A woman is suing the NSW prison system and inmate healthcare service over the death in custody of her partner after a coroner found the emergency response to his asthma attack was confused and unreasonably delayed.
Karen Pochodyla is pursuing damages over the death of Indigenous man Nathan Reynolds on September 1, 2018 at the minimum-security Geoffrey Pearce Correctional Centre, in northwest Sydney.
The 36-year-old, who is of Anaiwan and Dunghutti heritage, died of an acute asthma attack for which he received an inadequate level of medical care, according to the findings of a 2020 inquest.
"By the time corrective services officers attended Nathan, his condition had rapidly deteriorated," the coroner found.
"The delay deprived Nathan of at least some chance of surviving his acute asthma attack."
The lawsuit claims Justice Health NSW and Corrective Services NSW failed in their duty of care to Mr Reynolds and were negligent in a long list of factors that led to his death.
Ms Pochodyla says she, her child with Mr Reynolds and several of her children from a previous relationship were partially financially dependent on him week-to-week.
But Justice Health has denied Ms Pochodyla is entitled to any payment and says it is not responsible for the psychological anguish of her or her children.
In response to the lawsuit, the health agency admitted it failed to refer Mr Reynolds for a chronic disease screen or place him on a clinical pathway for ongoing management of his asthma.
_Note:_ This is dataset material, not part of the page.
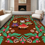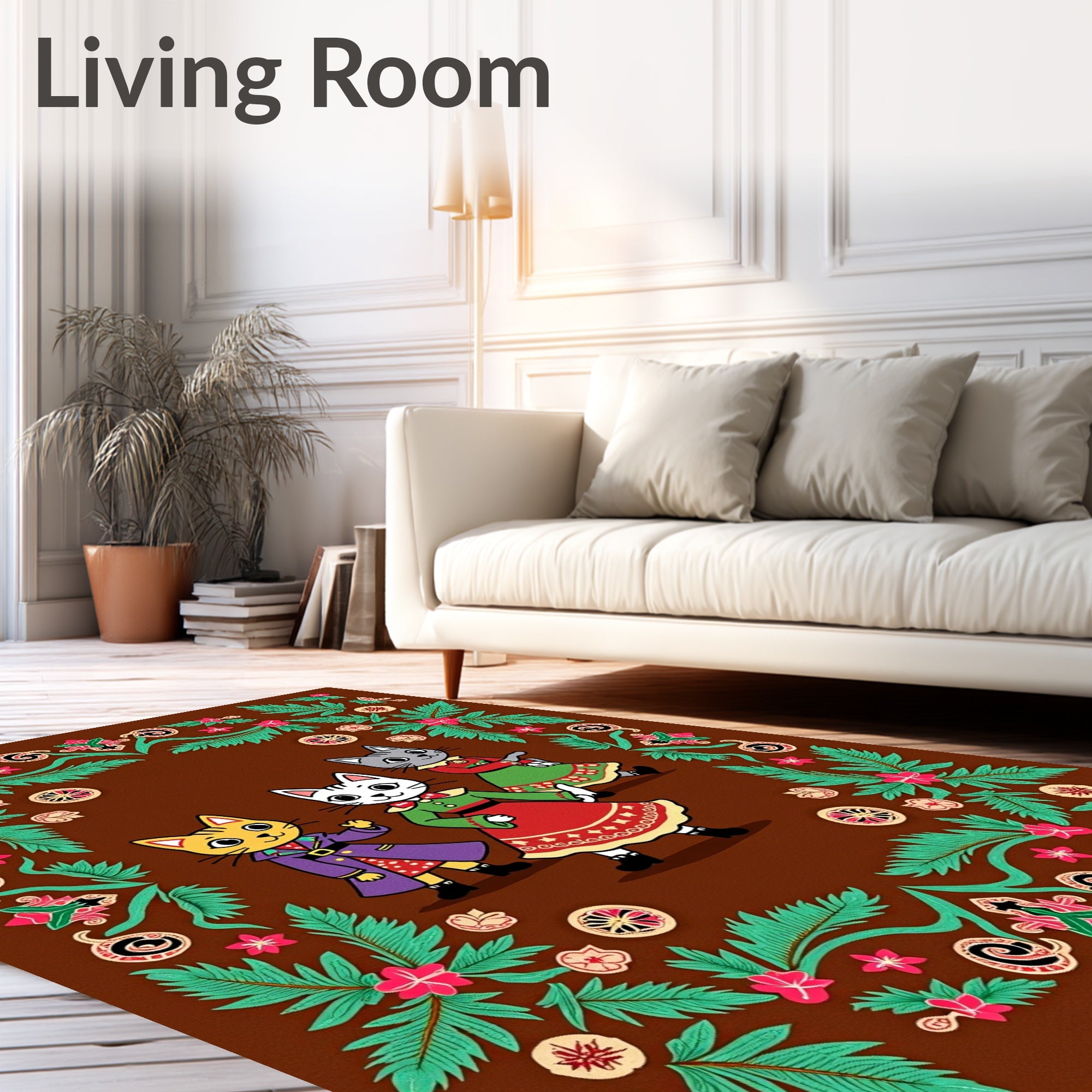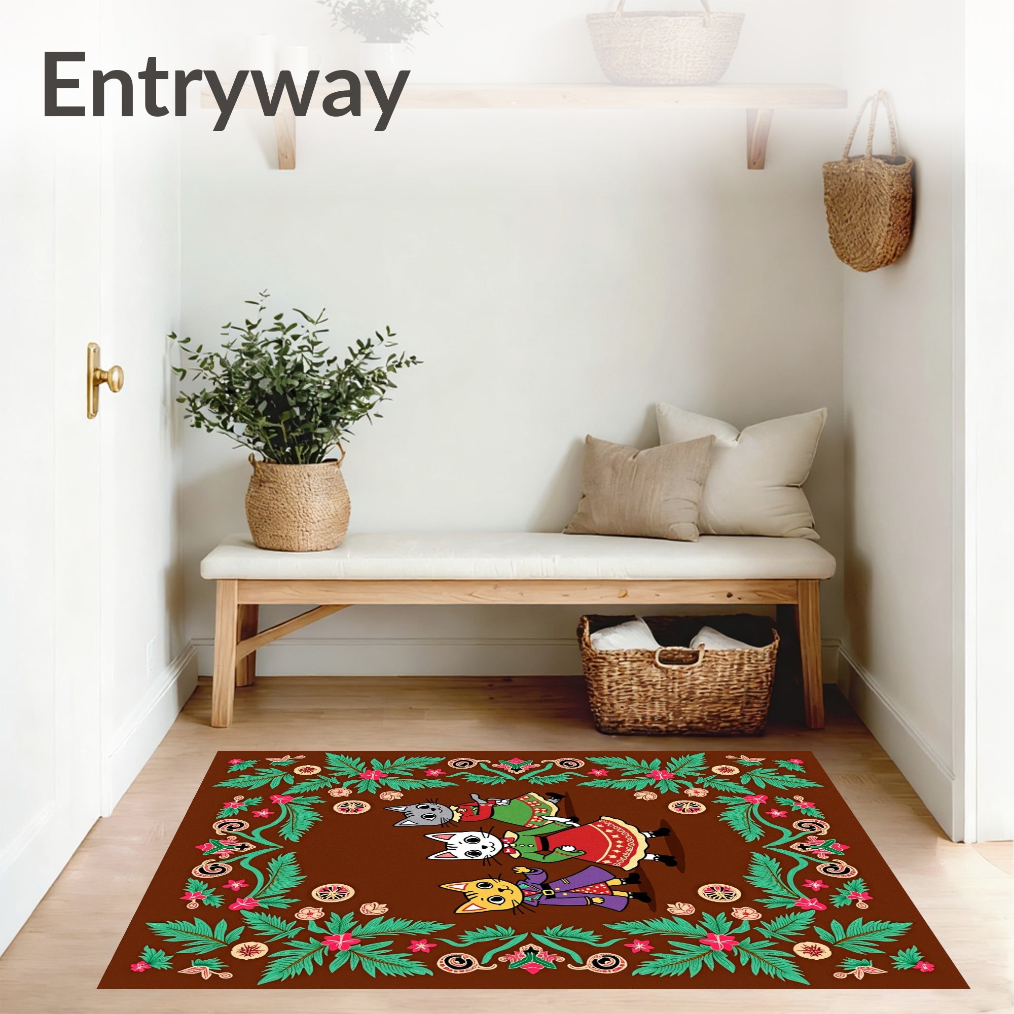 Ultra Soft Area Rug, Non Slip, Stain Resistant, Washable Area Rugs for Living Room, Bedroom, Joyful Lighted Cat Parade with Sparkling Ornament Accents and Fir Branches(Brown) Overview:

However, it does not accept the breaches of duty caused Mr Reynolds' death.
The state-run prison health service further argued it was not liable for the "injuries, loss or damage" Ms Pochodyla and her children claim to have suffered.
In the hours leading up to his death, Mr Reynolds spoke to Ms Pochodyla over the phone and told her he felt "horrible".
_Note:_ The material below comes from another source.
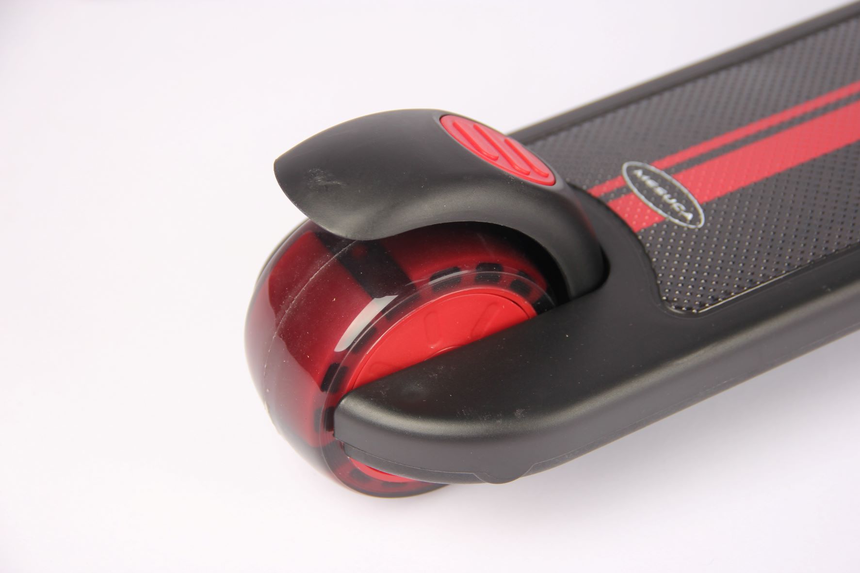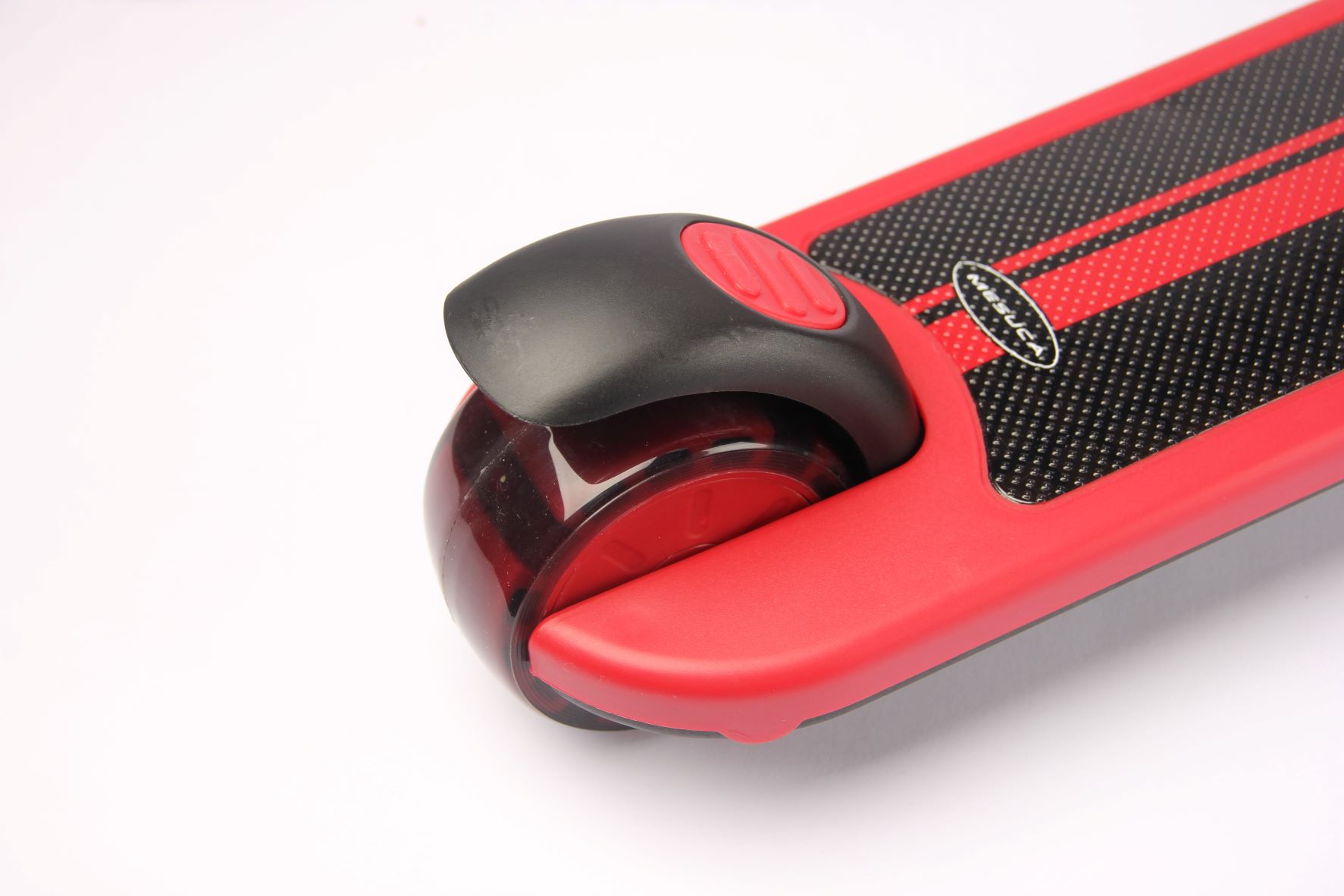 * Material: High strength aluminum frame /TPR hand grip /Abrasion resistant PP footboard /Wheels: high rebound PU wheel with LED light /Front wheels: 135x50mm. /Rear wheels: 80x24mm. /Bearings:ABEC-7 /Easy SAY FOLDING SYSTEM

She asked him if he had seen a doctor, to which he replied, "you don't see doctors around here, nobody gives a s*** about you," according to the coronial findings.
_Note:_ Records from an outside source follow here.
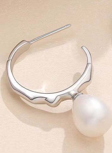 Genuine Baroque Pearl Solid S925 Silver Bird Bone Earrings
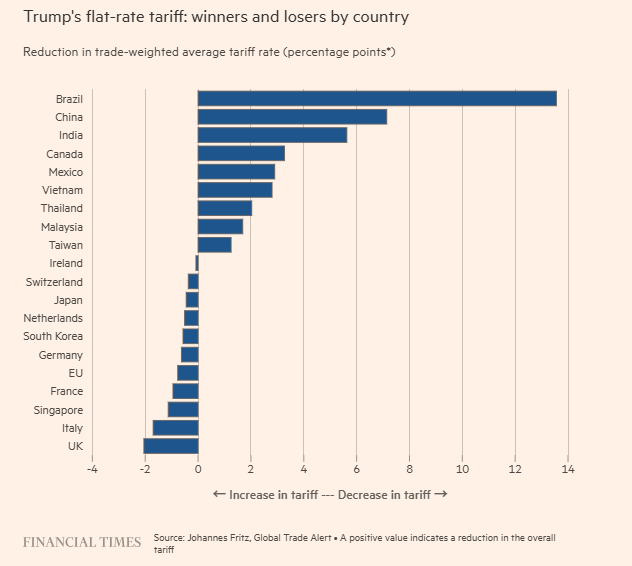 据金融时报报道,在最高法院上周五裁定其大部分此前贸易政策违法之后,特朗普又推出新措施。数据显示,特朗普新的15%全球关税,将最大程度上惠及他曾严厉批评的国家,包括中国和巴西,另外印度和加拿大也受益良多。
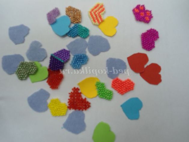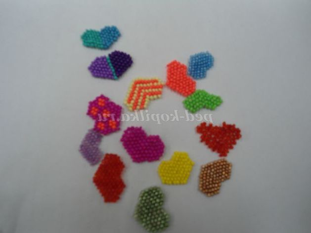 Сердечка з бісеру плетуть плетінням цегельний стібок. Це плетіння нагадує "цегельну кладку".
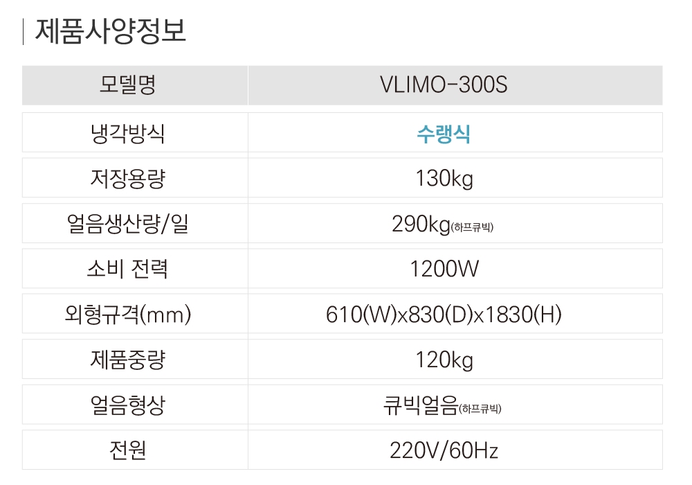 라셀르 290kg 제빙기 VLIMO-300S / 하프큐빅얼음 (정품)

Mr Reynolds initiated an emergency alarm from his cell about 11.27pm that night, telling the corrections officer on duty he was finding it hard to breathe and requesting a nurse.
But rather than immediately contacting a nurse or an ambulance, officers followed what they believed to be protocol, requiring them to assess the situation in person first.
As a result, it took the nurse on duty 22 minutes after the initial call to arrive at Mr Reynolds' side, by which time he was no longer breathing and had no detectable pulse.
The coroner noted it had been "profoundly distressing" for Mr Reynolds' family to hear he did not receive the care he needed.
His identity as an Indigenous man was also acknowledged in the finding, which noted much more needed to be done to meet the health needs of First Nations people in custody.